Fish &Game expects only 4,700 adult king salmon to return to the Taku River this year.

Returns on the Chilkat River near Haines have come in below escapement goals for four of the last five years and are expected to be 1,030, below the goal range of 1,750-3,500 this year. Chinook numbers for the Stikine and Unuk rivers are also expected to be below escapement goals.

Two “ABC” proposals would alter management rules to allow ADF&G to fine-tune fishing restrictions in both sport and commercial fisheries.

Proposal author Michael R. Bethers said management based on a wide escapement range isn’t enough.

His proposal is to limit sport fishing to certain boundaries and dates when escapement is projected to be in the upper (the “A” in the ABC), middle (B) and lower third (C) of the escapement range.

“Years of fishing on escapement is to a large degree why these stocks are at all-time lows,” Bethers wrote.

For instance, if Fish &Game projects around 19,000-24,666 adult Chinook will return to the Taku River — the lower third of the escapement range — fishing would be closed in districts 11 and 15. That includes the whole Juneau area and most of Lynn Canal save for the portion on the west side of Admiralty Island. Fishermen in districts 12 and 14, or Chatham and Icy straits, would be limited to one king salmon in this scenario.

Restrictions in the middle range of the escapement goal (roughly 24,666-30,332 fish) would call for Chinook fishing closures in an area south of Juneau April 15-June 15 when a bulk of the Chinook run is making its way into Taku River. Lynn Canal fishermen, in this scenario, would only be allowed to retain one Chinook a day.

If Chinook escapement is projected to fall between 30,332 fish and 36,000, the proposed restrictions would bar fishermen from retaining king salmon above Copper Point in Taku Inlet from April 15-June 15. Chinook retention above Eldred Rock in Lynn Canal would be closed in this scenario.

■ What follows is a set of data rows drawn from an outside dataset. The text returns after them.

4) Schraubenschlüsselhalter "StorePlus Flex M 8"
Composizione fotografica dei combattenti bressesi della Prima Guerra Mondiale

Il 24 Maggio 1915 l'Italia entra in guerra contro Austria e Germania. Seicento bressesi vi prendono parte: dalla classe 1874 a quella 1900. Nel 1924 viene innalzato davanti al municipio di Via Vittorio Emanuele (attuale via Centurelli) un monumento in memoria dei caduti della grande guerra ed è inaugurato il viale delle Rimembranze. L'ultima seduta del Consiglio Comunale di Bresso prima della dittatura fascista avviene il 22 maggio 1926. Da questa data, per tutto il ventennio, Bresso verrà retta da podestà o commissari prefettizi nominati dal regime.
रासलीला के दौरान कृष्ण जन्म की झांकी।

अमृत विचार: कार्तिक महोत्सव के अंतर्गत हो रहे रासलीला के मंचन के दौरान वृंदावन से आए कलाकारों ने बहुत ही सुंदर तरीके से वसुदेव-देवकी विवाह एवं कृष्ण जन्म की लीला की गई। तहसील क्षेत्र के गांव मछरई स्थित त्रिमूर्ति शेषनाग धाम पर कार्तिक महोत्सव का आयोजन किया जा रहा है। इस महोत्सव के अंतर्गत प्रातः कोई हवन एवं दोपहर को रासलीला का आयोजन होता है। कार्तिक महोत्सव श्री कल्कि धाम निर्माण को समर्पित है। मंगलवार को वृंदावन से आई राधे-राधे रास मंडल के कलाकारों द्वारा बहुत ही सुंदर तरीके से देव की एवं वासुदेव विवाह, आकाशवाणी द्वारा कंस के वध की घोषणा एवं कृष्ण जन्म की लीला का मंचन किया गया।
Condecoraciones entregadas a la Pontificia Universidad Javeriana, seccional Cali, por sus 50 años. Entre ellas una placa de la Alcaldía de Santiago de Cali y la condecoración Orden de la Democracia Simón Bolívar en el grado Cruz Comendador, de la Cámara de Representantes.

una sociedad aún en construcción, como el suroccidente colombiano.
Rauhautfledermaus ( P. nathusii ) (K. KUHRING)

Bethers’ proposal for commercial management also hinges on thirds. His idea is to limit troll fishermen in Chatham and Icy straits to four days per week during spring fishing when the escapement prediction falls in the upper third.

Trollers would only be allowed to fish two days if it falls in the middle third, while spring Chinook fishing would be shut down for trollers from April 15-June 15 if forecasts for Taku Chinook fall in the lower third of the escapement range.

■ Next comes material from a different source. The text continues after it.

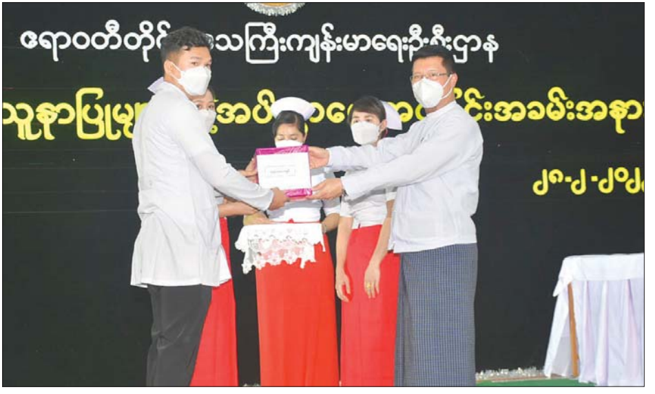
ပြောကြားသည်။ ထို့နောက် တိုင်းဒေသကြီးဝန်ကြီးချုပ်က သစ်လွင် သူနာပြု ၃၇ ဦးအား ခန့်အပ်လွှာများနှင့် ချီးမြှင့် ထောက်ပံ့ငွေများပေးအပ်ခဲ့ပြီးနောက် သစ်လွင် သူနာပြုများနှင့် ရင်းရင်းနှီးနှီး တွေ့ဆုံ နှုတ်ဆက်ခဲ့ကြကြောင်း သိရသည်။ တိုင်းဒေသကြီး (ပြန်/ဆက်)

လည်း ကျေးဇူးအထူးတင်ရှိကြောင်း၊ သူနာပြု-သားဖွားများသည် ပင်ကိုသဘာဝ စိတ်ရောကိုယ်ပါ ဖြူစင်သူများ၊ နူးညံ့သိမ်မွေ့သူများ၊ ယဉ်ကျေးပျူငှာသူများဖြစ်ကြသည့်အတွက် မလိုလားအပ်သူတို့၏ အရောင်ဆိုးမှုကိုခံရတတ်၍ ဂါရဝတရား၊ နိဝါတတရားများ မပျက်ပြားလေအောင် ဆရာသမားများ၊ အကြီးအကဲများ၊ သူနာပြုနှင့် သားဖွားတာဝန်ရှိသူများက သတိရှိရှိဖြင့် ထိန်းသိမ်းကြပ်မတ်ပေးခြင်းကို နာခံရန်လိုအပ်ပါကြောင်း၊ သူနာပြု - သားဖွားများကလည်း ပြည်သူ့နိတိကျင့်စဉ်များကို မမေ့မလျော့အသိရှိရှိဖြင့် ကျင့်သုံးလိုက်နာနေထိုင်ကြပြီး တာဝန်ကျရာဒေသများတွင်လည်း မိမိတို့၏တာဝန်ဝတ္တရားများကို ကျေပွန်အောင် ဆောင်ရွက်ကြရန်လိုကြောင်း

The Juneau-Douglas Advisory Committee, a group of commercial and sport fishermen who make recommendations to ADF&G, called for the Board of Fisheries to adopt the “most conservative, data-driven Chinook management approach that is practical” though they didn’t back a specific proposal.

“We are of the opinion that all user groups must participate in conservation,” the board stated while drafting a public comment Wednesday.

Sport fishing regulations will likely be the same this year as they were last year, ADF&G sport fish division biologist Dan Teske said at that meeting.

Last year, sport fishing was closed in the Juneau area from April 15-June 15 to protect Taku Chinook. A Southeast-wide moratorium on king salmon retention in salt water came later.

The emergency measures meant only 34 Taku River wild kings were caught during the fishing season last summer. Though Teske said that’s a pretty small number, which tells him the regulations fulfilled their goal of limiting sport harvest, the Board of Fisheries may direct ADF&G to take an “every fish in the gravel” approach.

“As far as I am concerned, as a manager, something similar to what we did last year is going to work. But the board is going to weigh in on all these action plan options, so I can’t say for sure because I have to take the board’s direction. If they want to protect fish down to every fish in the gravel and they shut everything down, then we are going to go with that plan,” Teske said.